Start of EXTRACTED INFORMATION

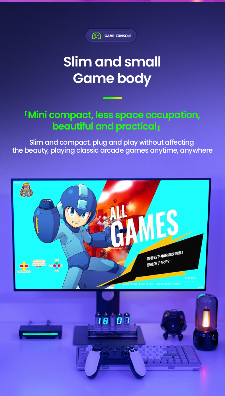 The 64GB model comes with over 9,000 built-in games, while the 128GB model includes more than 26,000 built-in games spanning many classic platforms.
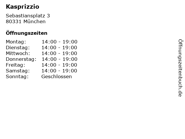 | Öffnungszeiten Kasprizzio in München anzeigen | |
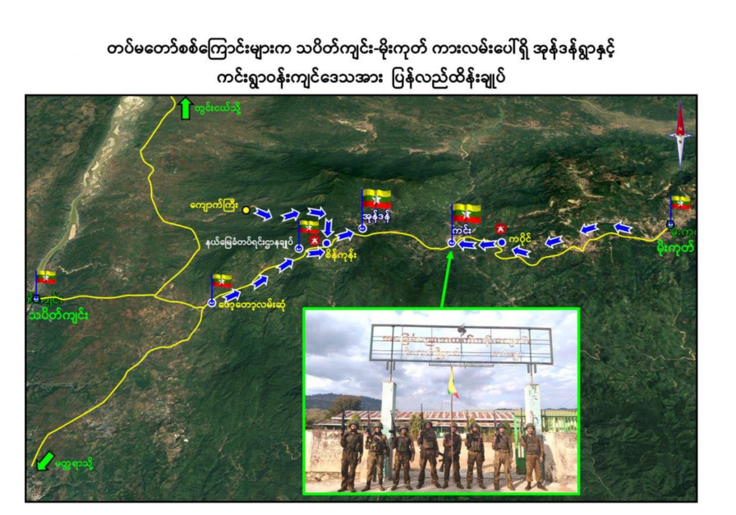 တပ်မတော်စစ်ကြောင်းများက မိုးကုတ် - သပိတ်ကျင်းလမ်းကြောင်းပေါ်ရှိ အကြမ်းဖက်သောင်းကျန်းသူများ ယာယီစိုးမိုးထားသည့် အုန်ဒန်ကျေးရွာ၊ ကင်းကျေးရွာနှင့် ရန်သူ့စခန်းတစ်ခုတို့အား ဆက်လက်သိမ်းပိုက်ရရှိ
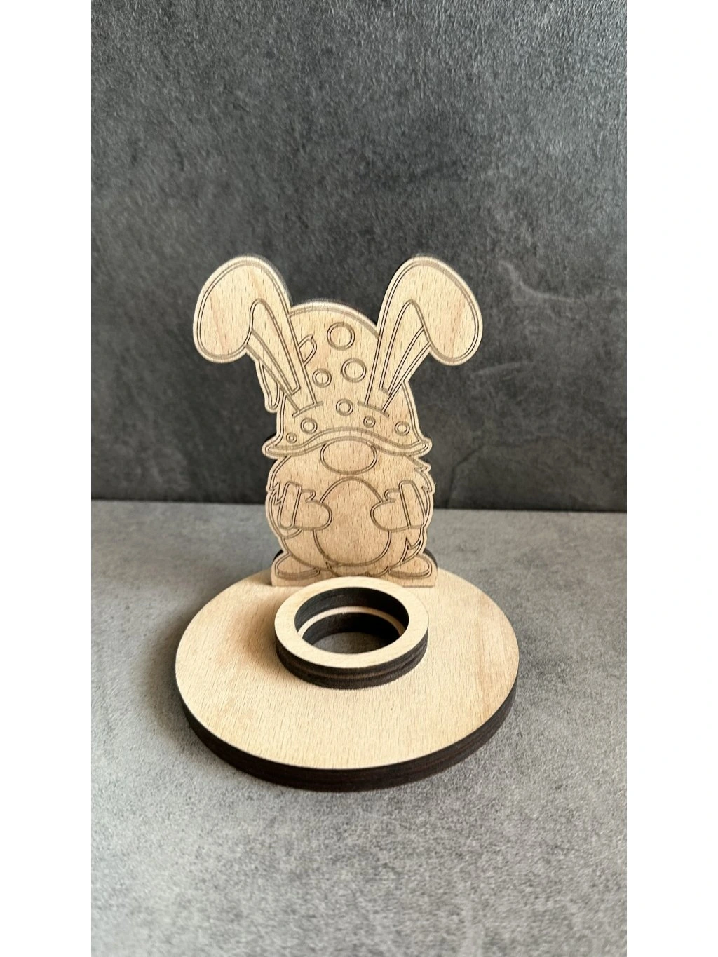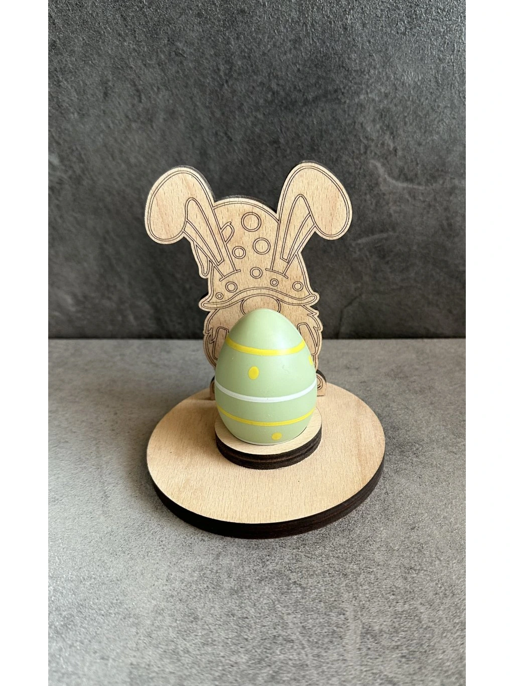 Stojánek je navržen jako dekorativní prvek na velikonoční stůl, parapet či do jarního aranžmá. Po dobarvení získá osobitý charakter a stane se originálním doplňkem sváteční výzdoby.
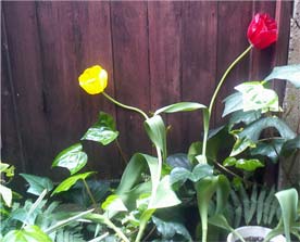 この冬、「 チューリップを植えよう 」ということになり、まだ寒い時期から綺麗な花を夢見て、せっせと植木鉢に球根を埋めていました。初めのうちは日当たりのいい二階のベランダに出して、たっぷりのお陽様にあてて水も毎日やっていたのですが、季節はまだ冬ですので北風ピューピューの日もあります。こんな冷たい風に当てたらチューリップさんがかわいそう・・・と、まだ芽も出てない芋同然の球根が入った植木鉢を1階の庭の風が当たらない場所に一時避難させました。
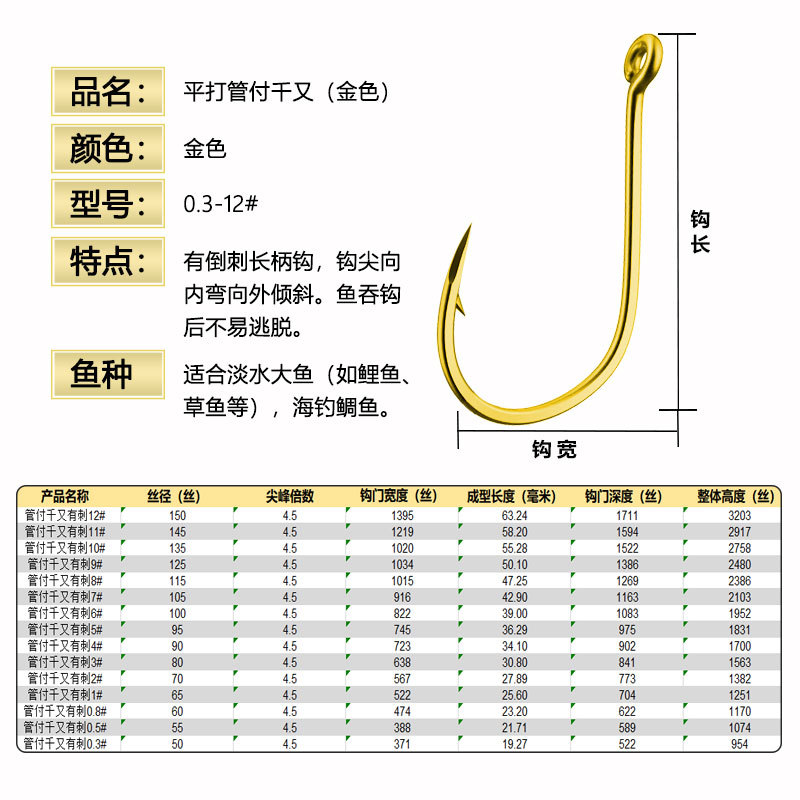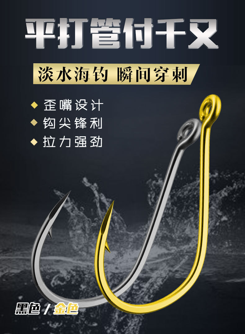 Плоская труба-тысяча и золотой черный кривой рот с колючим широким крючком

End of EXTRACTED INFORMATION

### WHAT IS BEING ASKED
Copy the data exactly. Any picture it contains is to be omitted.

### SOLUTION TO THIS PROBLEM
 The 64GB model comes with over 9,000 built-in games, while the 128GB model includes more than 26,000 built-in games spanning many classic platforms.
 | Öffnungszeiten Kasprizzio in München anzeigen | |
 တပ်မတော်စစ်ကြောင်းများက မိုးကုတ် - သပိတ်ကျင်းလမ်းကြောင်းပေါ်ရှိ အကြမ်းဖက်သောင်းကျန်းသူများ ယာယီစိုးမိုးထားသည့် အုန်ဒန်ကျေးရွာ၊ ကင်းကျေးရွာနှင့် ရန်သူ့စခန်းတစ်ခုတို့အား ဆက်လက်သိမ်းပိုက်ရရှိ
 Stojánek je navržen jako dekorativní prvek na velikonoční stůl, parapet či do jarního aranžmá. Po dobarvení získá osobitý charakter a stane se originálním doplňkem sváteční výzdoby.
 この冬、「 チューリップを植えよう 」ということになり、まだ寒い時期から綺麗な花を夢見て、せっせと植木鉢に球根を埋めていました。初めのうちは日当たりのいい二階のベランダに出して、たっぷりのお陽様にあてて水も毎日やっていたのですが、季節はまだ冬ですので北風ピューピューの日もあります。こんな冷たい風に当てたらチューリップさんがかわいそう・・・と、まだ芽も出てない芋同然の球根が入った植木鉢を1階の庭の風が当たらない場所に一時避難させました。
 Плоская труба-тысяча и золотой черный кривой рот с колючим широким крючком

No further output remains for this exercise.